It’s been quite a week for 14-year-old transgender Jazz Jennings. The TLC Network announced a new reality show documenting Jazz’s life as a gender stereotypical girl. Then he landed a deal as the face of Clean & Clear acne treatment products.
“The real me is happy and proud to be who I am,” Jazz says in a video campaign created by Clean & Clear. “And I’m just having fun being one of the girls.”
Parenting groups worry that Jazz’s Clean & Clear campaign sends the wrong message to other troubled teenagers: if you don’t like yourself the way you are, you can take dangerous hormones for the rest of your life or have radical surgery to remove your body parts.
At age 5, Jazz told his parents he was a girl.

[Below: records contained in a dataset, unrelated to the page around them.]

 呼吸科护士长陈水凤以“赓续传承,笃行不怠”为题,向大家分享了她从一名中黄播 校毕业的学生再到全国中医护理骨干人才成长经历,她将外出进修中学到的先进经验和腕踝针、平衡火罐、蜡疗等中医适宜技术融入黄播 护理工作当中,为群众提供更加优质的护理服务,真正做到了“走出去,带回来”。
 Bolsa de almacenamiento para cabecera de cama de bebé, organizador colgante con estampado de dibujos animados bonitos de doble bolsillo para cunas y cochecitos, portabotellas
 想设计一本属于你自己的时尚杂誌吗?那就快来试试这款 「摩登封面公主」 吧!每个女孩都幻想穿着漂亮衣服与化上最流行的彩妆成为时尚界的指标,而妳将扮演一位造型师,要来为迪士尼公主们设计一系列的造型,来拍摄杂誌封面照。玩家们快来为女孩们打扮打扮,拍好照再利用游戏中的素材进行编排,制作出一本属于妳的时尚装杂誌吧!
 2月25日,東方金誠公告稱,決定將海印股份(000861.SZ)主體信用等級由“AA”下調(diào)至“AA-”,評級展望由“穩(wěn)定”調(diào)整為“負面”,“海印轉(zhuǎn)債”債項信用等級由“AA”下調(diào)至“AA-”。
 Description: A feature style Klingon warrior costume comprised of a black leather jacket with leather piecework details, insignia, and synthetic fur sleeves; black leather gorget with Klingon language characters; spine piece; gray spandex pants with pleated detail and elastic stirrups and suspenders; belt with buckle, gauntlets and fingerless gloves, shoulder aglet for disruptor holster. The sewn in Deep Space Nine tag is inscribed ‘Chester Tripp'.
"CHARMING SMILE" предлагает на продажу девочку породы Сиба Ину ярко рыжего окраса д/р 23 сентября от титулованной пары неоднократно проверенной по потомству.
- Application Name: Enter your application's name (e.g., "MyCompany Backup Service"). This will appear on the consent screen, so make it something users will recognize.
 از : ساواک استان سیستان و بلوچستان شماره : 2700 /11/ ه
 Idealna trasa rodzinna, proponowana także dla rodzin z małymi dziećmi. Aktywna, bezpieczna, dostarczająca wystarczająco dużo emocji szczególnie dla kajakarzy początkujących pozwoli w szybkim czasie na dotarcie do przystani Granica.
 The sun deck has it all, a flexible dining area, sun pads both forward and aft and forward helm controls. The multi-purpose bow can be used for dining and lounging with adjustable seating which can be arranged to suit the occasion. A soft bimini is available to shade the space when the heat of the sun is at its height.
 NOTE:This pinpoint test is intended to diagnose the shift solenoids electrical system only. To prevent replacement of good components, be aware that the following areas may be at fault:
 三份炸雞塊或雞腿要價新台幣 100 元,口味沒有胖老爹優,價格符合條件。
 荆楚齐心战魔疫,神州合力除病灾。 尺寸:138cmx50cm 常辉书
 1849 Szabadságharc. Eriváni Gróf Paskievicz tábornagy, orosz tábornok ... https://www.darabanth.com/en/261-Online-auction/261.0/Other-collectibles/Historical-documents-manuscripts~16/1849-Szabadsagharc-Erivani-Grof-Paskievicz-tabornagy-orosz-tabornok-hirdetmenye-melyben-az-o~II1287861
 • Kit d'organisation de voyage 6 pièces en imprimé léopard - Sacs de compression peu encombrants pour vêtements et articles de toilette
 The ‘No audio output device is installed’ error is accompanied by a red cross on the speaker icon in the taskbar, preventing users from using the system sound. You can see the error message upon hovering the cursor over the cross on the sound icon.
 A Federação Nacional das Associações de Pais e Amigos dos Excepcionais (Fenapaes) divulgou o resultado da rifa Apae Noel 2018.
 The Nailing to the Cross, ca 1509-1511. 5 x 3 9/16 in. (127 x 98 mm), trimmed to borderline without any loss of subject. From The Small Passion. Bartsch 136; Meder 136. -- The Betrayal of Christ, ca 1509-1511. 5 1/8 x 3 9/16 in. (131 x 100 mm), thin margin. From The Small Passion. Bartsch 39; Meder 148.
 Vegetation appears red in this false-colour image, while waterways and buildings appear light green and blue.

So they did what any well-meaning parents would do: they rushed out and bought him gender-specific feminine clothing, thereby reinforcing his obsession with stereotypical girlish things.
Clean & Clear appointed a cross-dressing boy with a mental disorder to help “teen girls who are struggling… to find themselves and be true to who they are.” And yet Jazz can’t be true to himself or accept himself as the boy he was born to be.
Jazz takes hormone blockers to keep his body in suspended adolescence by blocking production of male androgens, testosterone, which would trigger the onset of puberty.
Clean & Clear plans to use Jazz, who was diagnosed with the mental illness Gender Dysphoria, to positively reinforce body image in girls — even as he struggles to maintain a false body image with the assistance of hormones and surgery.
If Jazz truly had a female brain — as he and his supporters want you to believe, his brain would tell his adrenal glands to stop producing male hormones naturally. But that will never happen because his brain is that of a biological boy. And females don’t need prostate exams.
“I hope they can learn to be brave and not care what other people think about them,” says Jazz. It’s a shame his parents didn’t instill the same values in their son when he was playing dress up in his mother’s closet.